Reduce Storage Costs when Deploying Azure Kubernetes Service Clusters with Terraform
I use the Azure Kubernetes Service (AKS) to host a few services, like Synapse,
Remark42, and Plausible Analytics. As of yet, none of these services require
much computing power, so I chose a small VM size for the AKS node:
Standard_B2ms
. I recently analyzed my Azure costs and found out that I could
have saved more than a hundred bucks in the past months if I had been more
diligent.
What Storage Does AKS Use?
Besides the underlying storage of Persistent Volumes Kubernetes deployments use, there’s also the node itself requiring an OS disk. For OS disks, two types exist: managed and ephemeral. The Microsoft docs note the following on ephemeral OS disks:
By default, Azure automatically replicates the operating system disk for an virtual machine to Azure storage to avoid data loss should the VM need to be relocated to another host. However, since containers aren’t designed to have local state persisted, this behavior offers limited value while providing some drawbacks, including slower node provisioning and higher read/write latency.
By contrast, ephemeral OS disks are stored only on the host machine, just like a temporary disk. This provides lower read/write latency, along with faster node scaling and cluster upgrades.
Like the temporary disk, an ephemeral OS disk is included in the price of the virtual machine, so you incur no additional storage costs.
I created my cluster in 2021, and ephemeral OS disks have been generally available since November 2020 and B-series VMs support ephemeral OS disks. However, the cost analysis in the Azure Portal shows that I’m incurring storage costs for my cluster’s managed OS disks. The following screenshot shows that I paid CHF 24.43 in October 2021.
I pay CHF 33.50 per month for the Standard_B2ms
VM instance, which the
screenshot doesn’t correctly display. To save around 70% compared to
pay-as-you-go prices, I use
Azure Reserved Virtual Machine Instances,
which Microsoft bills separately. So why am I paying for a managed OS disk
that almost doubles the operating cost of my AKS cluster? Well, because I made a
mistake.
Using Terraform to Deploy AKS
I use Terraform to manage my AKS cluster.
The azurerm_kubernetes_cluster
Terraform resource features the
os_disk_type
option:
(Optional) The type of disk which should be used for the Operating System. Possible values are
Ephemeral
andManaged
. Defaults toManaged
. Changing this forces a new resource to be created.
Here it is! I didn’t explicitly set it to Ephemeral
when I initially
configured my cluster over six months ago. An expensive mistake!

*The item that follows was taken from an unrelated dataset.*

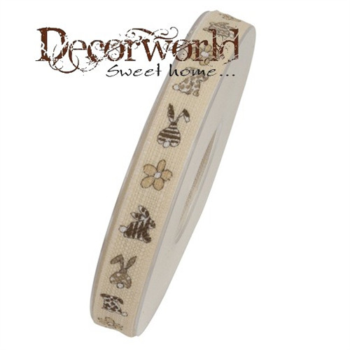 Szalag Osterzeit nyulas textil 15mmx10m sárga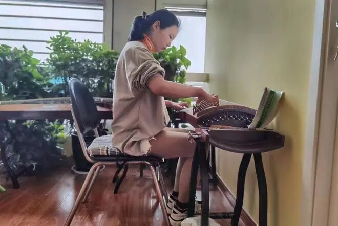 每逢周六周日,周月莹都会骑着单车去老师家学习弹古筝。

Update on Ephemeral OS Disk Support for B-series VMs
As someone correctly pointed out in the comments, B-series VMs don’t support ephemeral OS disks. My tests with the Azure CLI and Terraform confirm his findings. The information from the official Microsoft documentation on this is inconsistent. Someone on GitHub mentioned a query from the Microsoft docs to determine VM types supporting ephemeral OS disks. Interestingly, the query result suggests B-series VMs support ephemeral OS storage.
$vmSizes = Get-AzComputeResourceSku | where { $_.ResourceType -eq 'virtualMachines' -and $_.Locations.Contains('CentralUSEUAP') }
foreach ($vmSize in $vmSizes) {
foreach ($capability in $vmSize.capabilities) {
if ($capability.Name -eq 'EphemeralOSDiskSupported' -and $capability.Value -eq 'true') {
$vmSize
}
}
}
Due to these limitations with B-series VMs, right now, it’s more efficient to run general-purpose D-series VMs instead.